* **ABOUT THIS EXERCISE**
Only the lines below from the one containing "Permitir imprimir guia" through the one containing "- AMPLE WHOLE-PIECE" belong in the answer, set down exactly, with the pictures left out.

* **DATA PROVIDED**
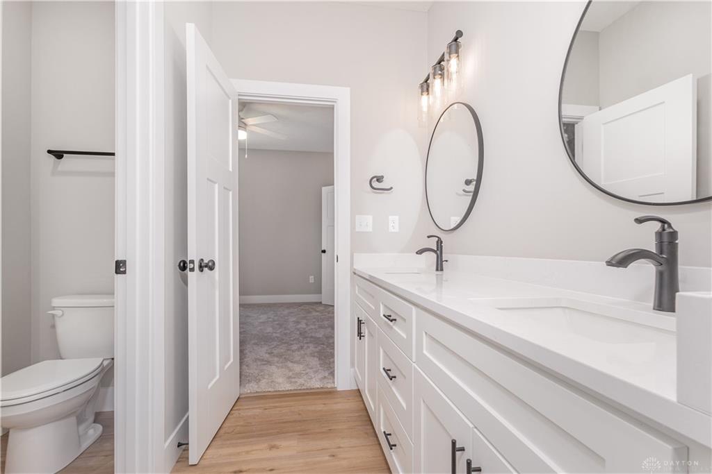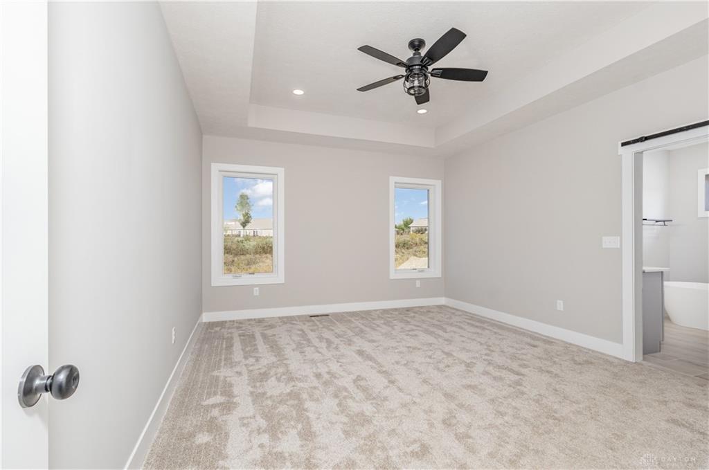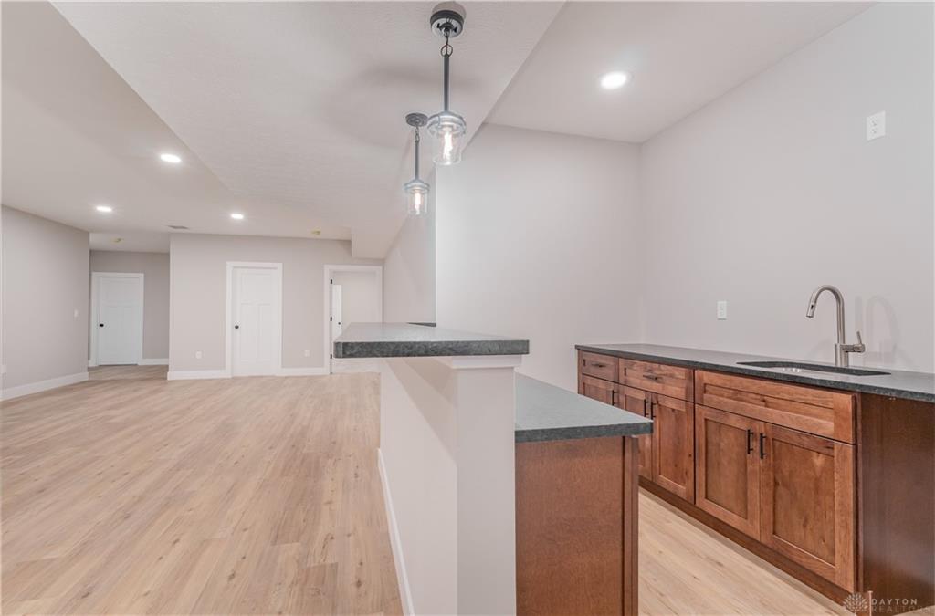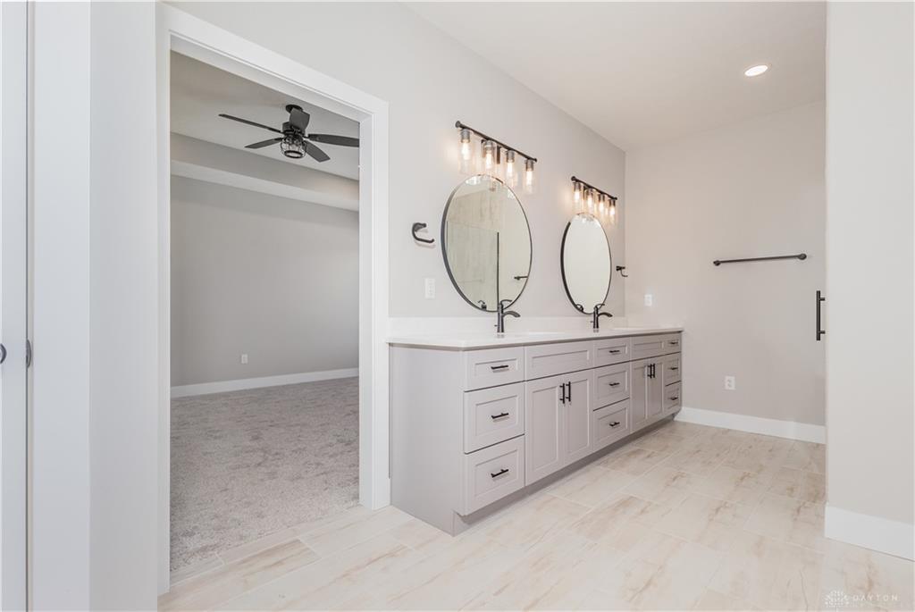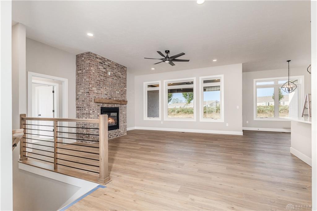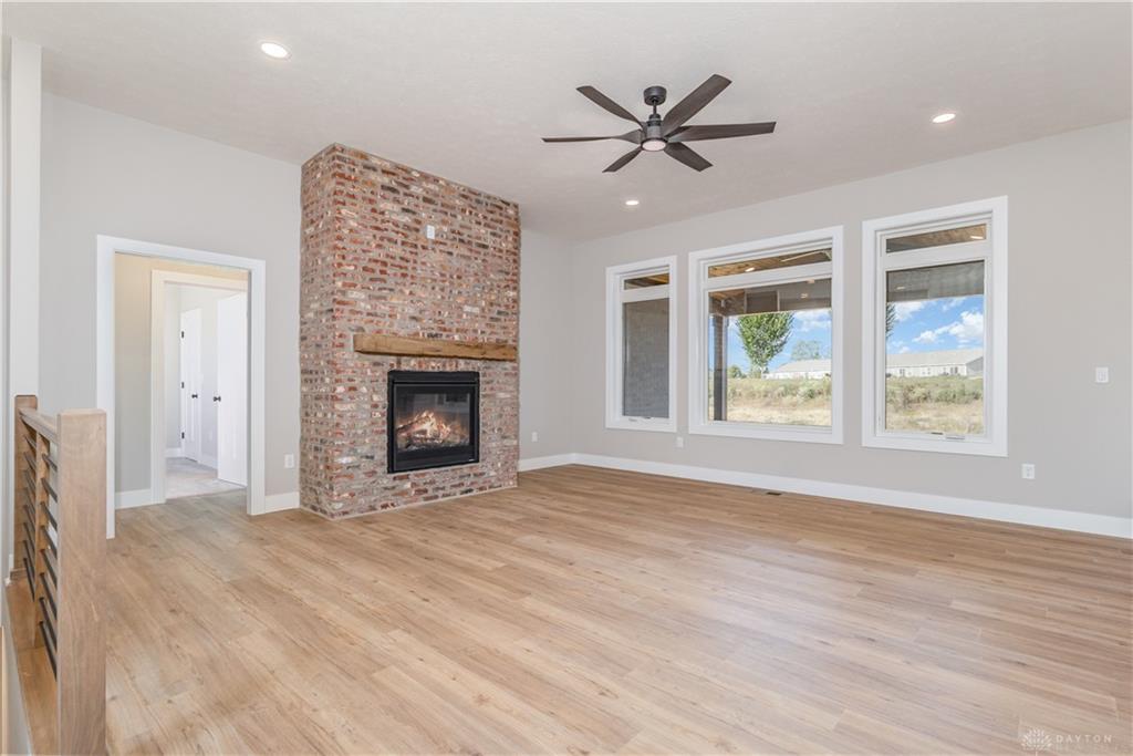 Step into modern ease and timeless charm at 751 Lake Bluff Court, where comfort meets function in this stunning 4-bed, 3.5-bath ranch-style home offering over 2,357 square feet on the main level plus an additional 920 square feet of finished basement space. From the moment you walk through the covered front stoop, you'll find tall 9-foot ceilings, a cozy gas fireplace in the open-concept great room, and a beautifully designed kitchen that features a walk-in pantry, space for a gas cooktop, double ovens, and plenty of cabinets. The adjacent dining room showcases a cathedral ceiling and leads out to a covered patio perfect for relaxing outdoors. The spacious owner’s suite includes a large tiled shower, dual vanities, and an impressive walk-in closet, while each of the three additional bedrooms also features its own walk-in closet. Convenience meets style with a dedicated laundry room, a mud hall off the two-car garage, and a guest-friendly powder room. The lower level adds a large finished rec room and wet bar, creating the perfect space for entertaining or unwinding. Beautiful finishes throughout, this home is both stylish and smart. Located in the scenic Cedar Woods community in Lebanon, OH, this home offers the perfect mix of peaceful surroundings and modern convenience—ready for your finishing touches to make it your own.
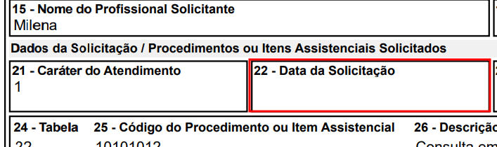 Permitir imprimir guia SP/SADT ocultando a Data de Solicitação: Ao selecionar essa opção, o campo 22 - Data da Solicitação não será exibido na impressão.
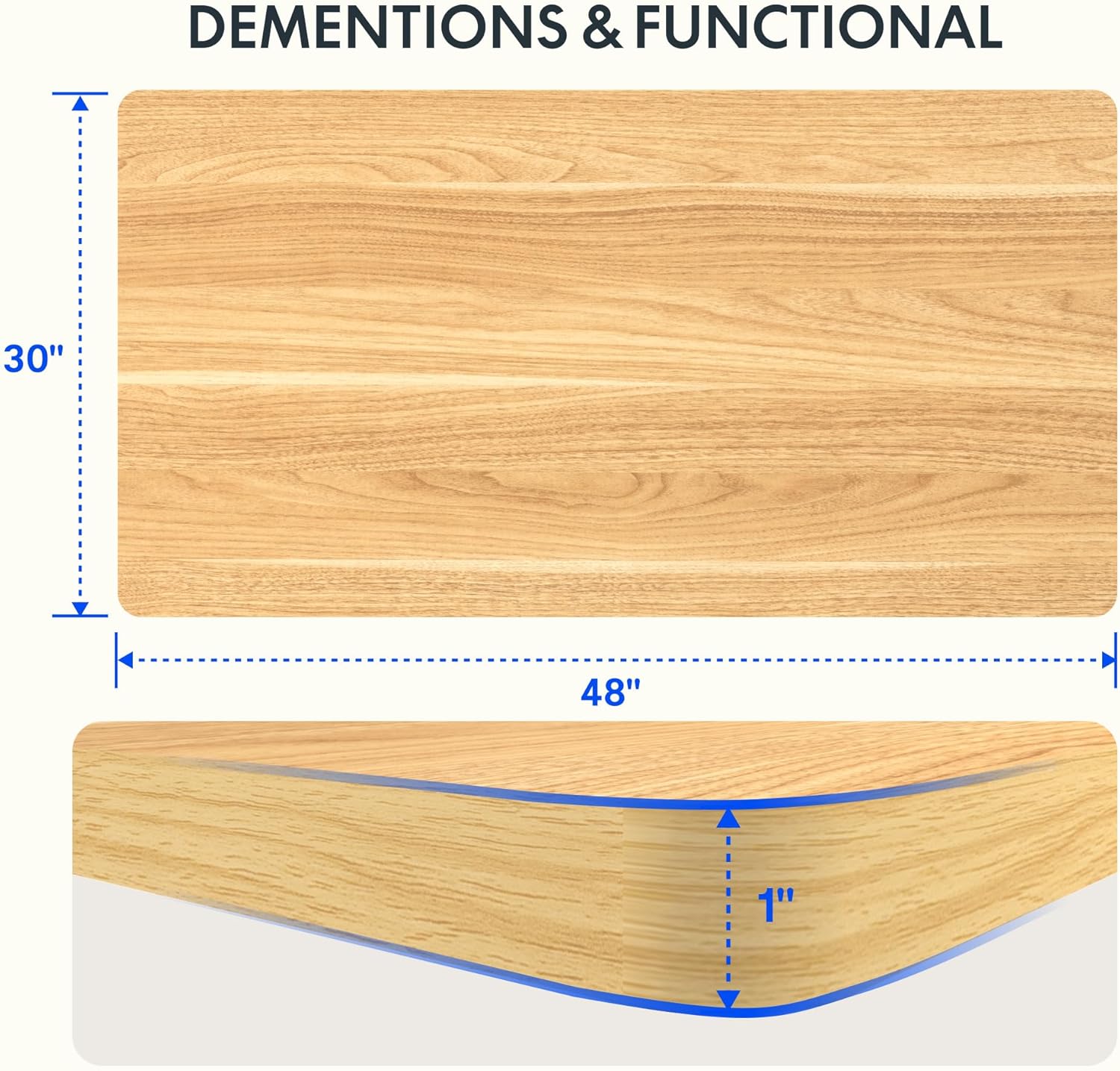 - AMPLE WHOLE-PIECE DESKTOP: With its whole-piece 1” eco-friendly desktop, this standing desk provides plenty of room for your computer setup, documents, and accessories, creating a well-organized and productive work environment. Due to hand measurements, desktop dimensions may vary slightly by 0 to 1”.
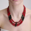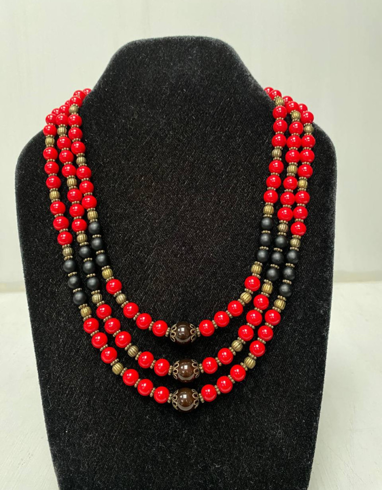 Намисто нанизане скляними намистинами в три ряди. Скляні прикраси здавна були привілеєм серед найзаможніших панянок. Червоно-чорний колір чудово контрастує та колоритно поєднується у намисті. Неймовірно красиво пасує до образів у поєднанні з багатошаровими прикрасами.

* **TASK SOLUTION**
 Permitir imprimir guia SP/SADT ocultando a Data de Solicitação: Ao selecionar essa opção, o campo 22 - Data da Solicitação não será exibido na impressão.
 - AMPLE WHOLE-PIECE DESKTOP: With its whole-piece 1” eco-friendly desktop, this standing desk provides plenty of room for your computer setup, documents, and accessories, creating a well-organized and productive work environment. Due to hand measurements, desktop dimensions may vary slightly by 0 to 1”.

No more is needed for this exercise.